Оглушительно, стараясь переплюнуть друг друга, кричали балаганные деды, ходили, расшевеливая стылый воздух, цветастые качели с каруселями, вовсю шла торговля пивом, взварами, блинами, пирогами. А блины-то, мать честна: с икоркой, с рыбкой, с курятиной. Духовитые, тающие во рту. Почти задаром. [102] И вот среди этой суеты, шумного разгуляева и запахов съестного знай себе похаживал Вася Буров, что-то в охотку жевал и радовался жизни. А что – исподнее под шароварами доброе, с начесом, зануду Анагору, хвала Аллаху, оставили дома, пирог же с рыбой несказанно вкусен, необычайно пышен и напоминает амброзию. Плевать, что харя черная, чалма до ушей и на дворе век восемнадцатый от Рождества Христова. Воздух-то какой – прозрачный, упоительный, отдающий антоновкой… И все было бы замечательно, если бы не Калиостро. Тот по обыкновению завел разговор на темы глобальные, сугубо философские:
– М-да, вот она, толпа, серая, инертная масса, способная лишь к destructio physical. [103] и усугублению хаоса. Это есть основное ее свойство, так сказать, permanentia in essentia [104] Гляньте, насколько она до омерзительности материальна, аморфна и пронизана косностью. Что ей до Daath, [105] Ars Magna или Divina Substantia? [106]
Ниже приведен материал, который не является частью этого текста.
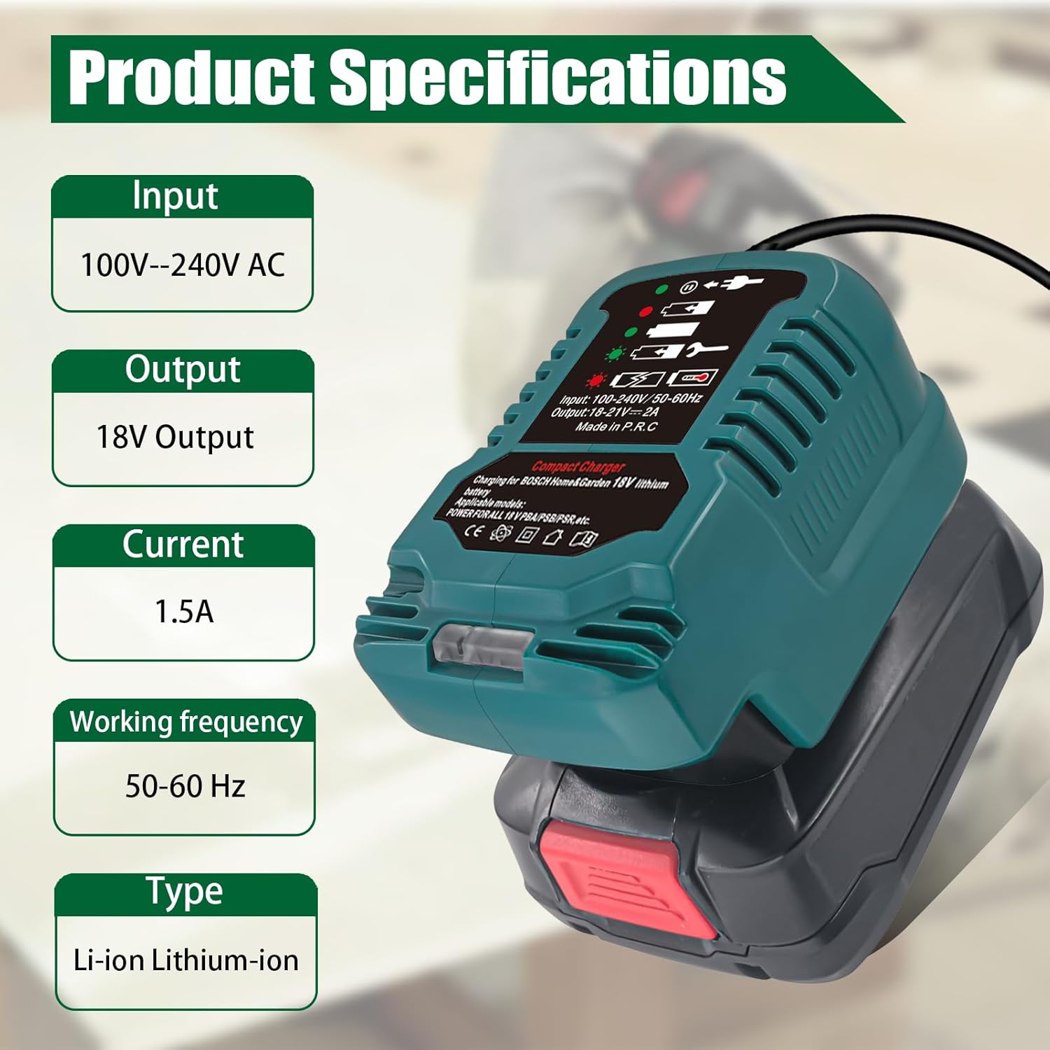 - 🚀【für Bosch PBA 18V Mini-Ladegerät】Ladeeingang: 100 ~ 240V, 50-60Hz | Ausgang: 18V | Ladestrom: 2A | | Ladestatus: mit LED-Lampenanzeige (❗ Passen Sie nicht 14V Akku.)

– Все это чрезвычайно познавательно, господа, но я все же вас покину, – не выдержала потока мудрости Лоренца и указала на внушительный, расписанный аляповато балаган. – Пойду взгляну, там обещают что-то очень интересное. Мельхиор, друг мой, не составите компанию?
Бородатый, подпоясанный красным кушаком дед с балкона балагана грозился показать всем господам желающим царев дворец в природном естестве – в натуральную величину. И всего-то за двугривенный.
– Да, да, толпа, профаны зрят лишь форму, видимость, не понимая суть предмета. Увы, sic mundus creatus est. [107] – Волшебник посмотрел супруге в спину, порывисто вздохнул и осторожно взял пирог с зайчатиной, однако, надкусив, стал с воодушевлением жевать. – Вот, к примеру, моя uxor [108] Лоренца. Все говорят: ах, какая красавица, ах, какие формы. Не понимая, что она в первую очередь – перцепиент, идеальный индуктор, точно вибрирующий в унисон с моими тонкими планами. Что ее астральное поле…
В это время послышались звуки вполне земные: хай, крик, проклятья, самодовольный смех. По гульбищу сквозь толпу шли три богатыря, отмечая свой путь бесчинствами, разрухой и куражом. Собственно, богатырь был один – огромный, красномордый, с плечами шириною в дверь. По правую руку от него выпендривался хмырь в пожеванном чиновничьем картузе, а слева кандыбал враскачку шибзик с повадками голодной крысы. Для подчеркивания собственной значительности и особого статуса он небрежно поигрывал манькой – белой, внушительных размеров муфтой. [109] Троица была, само собой, выпивши, но не так чтобы рогами в землю, – в самый раз, в «плепорцию», остро чувствовала свою безнаказанность и вела себя соответственно: перла буром, как на буфет, экспроприировала товар, приставала к женщинам и задирала мужчин. Заказывала драку. А по толпе, обгоняя возмутителей масленичной гармонии, бежал недобрый шепот:
– Орловские идут.
– Ишь ты как, чертом.
– Управы на их, иродов, нет.
– А Семка-то Трещалин здоров. Карету, сказывают, за колесо стопорит.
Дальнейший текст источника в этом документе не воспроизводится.